Where: Where is the story being told? On a traditional news site where we have learned to expect “only the facts, m’am?” Because if so, and we aren’t at all expecting personality and opinion, we might feel betrayed by science journalists on the site who deviate from the traditional objective and balanced reporting techniques. (But then again, even this may be changing). Or is the story being told on a science blog, on social media, or even in a science magazine or on a cable news show? Because in many of these and newer digital spaces for science journalism (and more), most of us probably expect, even want, to hear what the person telling us the story thinks about the facts. And that is because, as O’Brien says, in this age of information overload we likely could have gone to dozens of other sources for that science news story. If we chose to go to this science blog for the story, or that science journalist’s Twitter handle, or even to Scientific American, we probably want to hear it from YOU. From you, the scientist personality behind the byline. From you, the area expert personality behind the byline. From you, the trusted and familiar personality behind the byline.
And why not? Mass communication scholars have known for a long time that various characteristics of the information source – from credibility, to gender, to political affiliation, to occupation, to familiarity – affect how the reader receives, processes and interprets the information. In an age of multiplicative digital news platforms, where we go to find you probably has something to do with whether we want to hear “just the facts, m’am” or “beyond Joe Friday.”
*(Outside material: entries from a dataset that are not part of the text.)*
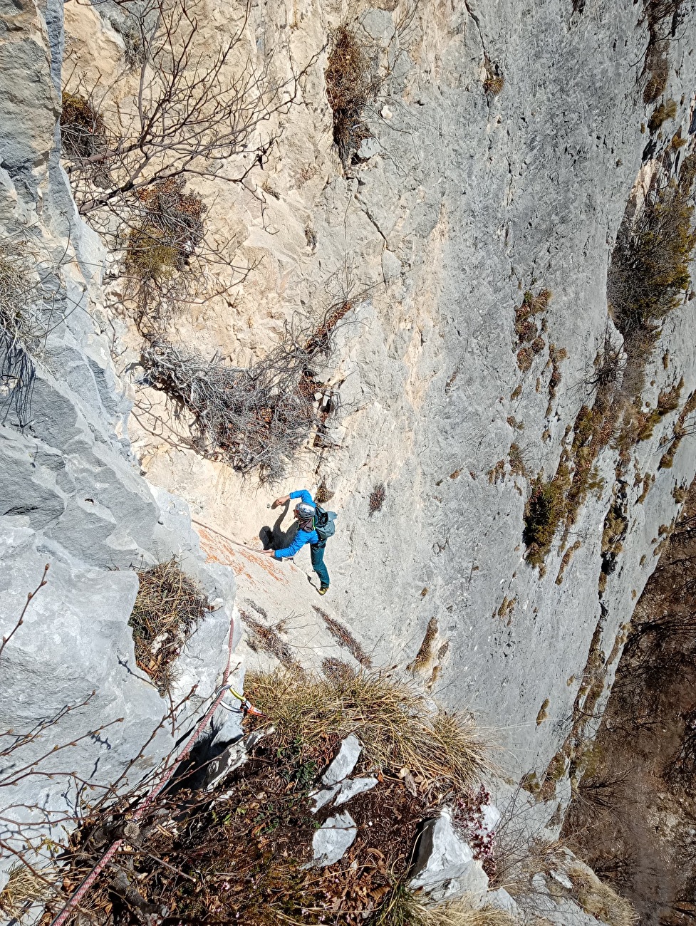 Flavio Leoni sulla via 'Spirito Baldense' agli Spalti di Pratovecchio in Val d'Adige.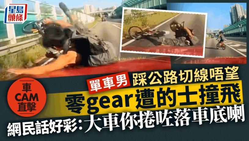單車友在快速公路踩車不時險象環生,引來其他道路使用者的批評及詬病。今(14日)網上流出一段車CAM片,一名沒戴頭盔、沒有任何保護裝置的男子在一條快速高路上踩單車,只見他在公路上「頭也不會」突然切線,被正駛前一部的士撞到彈上車頭冚再墮地,人車分離,幸的士及時剎車,未有將他輾過,他墮地後可立即起身,將單車推到路旁檢視一番。網民議論紛紛,直指在公路上踩單車猶如「馬路炸彈」,又質疑在公路上踩單車已違法,建議的士司機報警保障自己。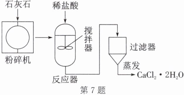 7. (2025·连云港)工业上生产 $ {CaCl_{2}· 2H_{2}O} $ 的主要流程示意图如图所示。下列说法正确的是(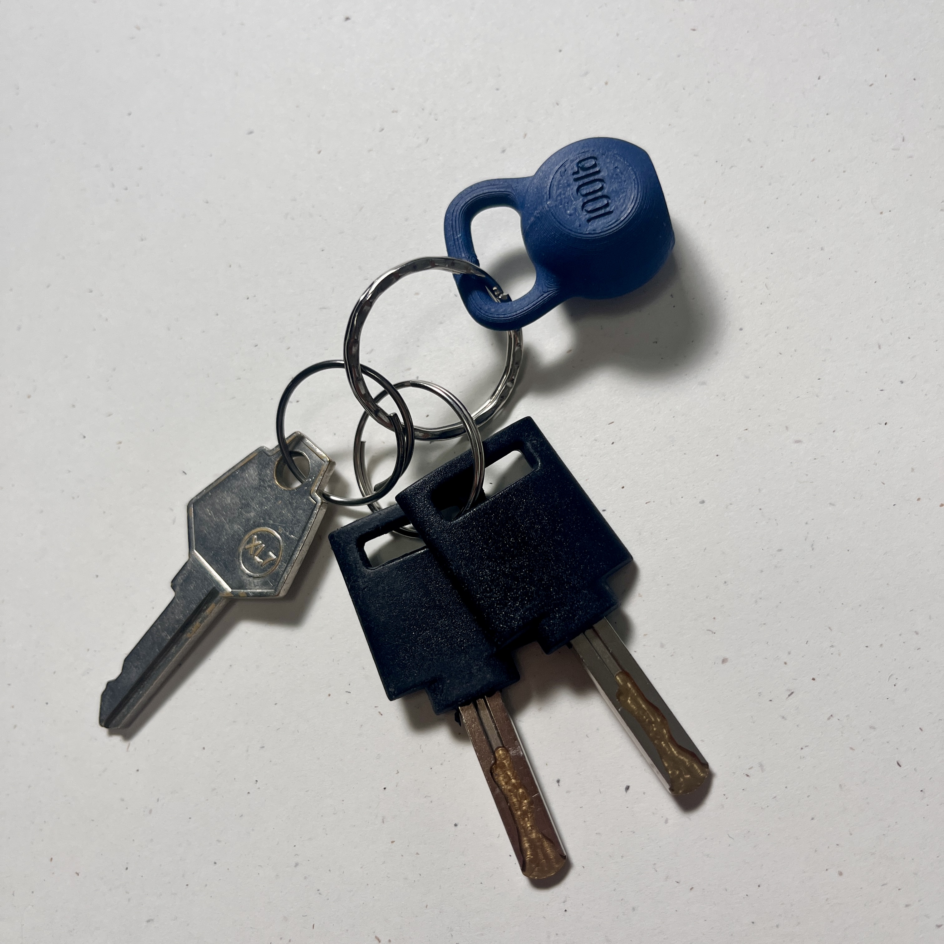 Tui có thiết kế một cái móc khóa tạ ấm với khắc chữ "100lb" lên đó. Tui thấy thiết kế này chụp lại được vẻ ngoài của một cái tạ ấm cổ điển ở một dạng nhỏ gọn, vui vẻ.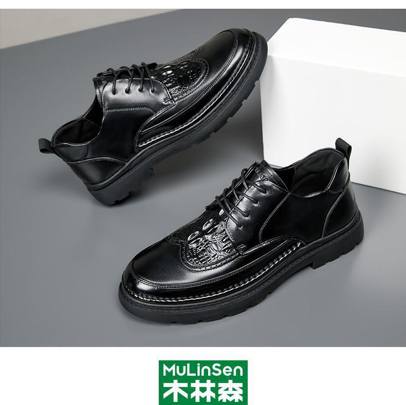 木林森革靴男靴春秋タイプカジュアル男性ビジネス正装ダービーシューズ布ロック革靴男新郎靴

(By the way, science journalists aren’t the only ones getting “personality” overhauls in the media. Scientists in the news are also “personified” – to make them more human, more relatable, more interesting.)
So what do you think? What’s wrong with science journalism? Is it the introduction of more personality, analysis and opinion into the writing of science journalists? Or is this, perhaps, the very thing we need to get more readers engaged in science and informed by the context in which the science occurred? And does this depend on the who, what and where of science journalism?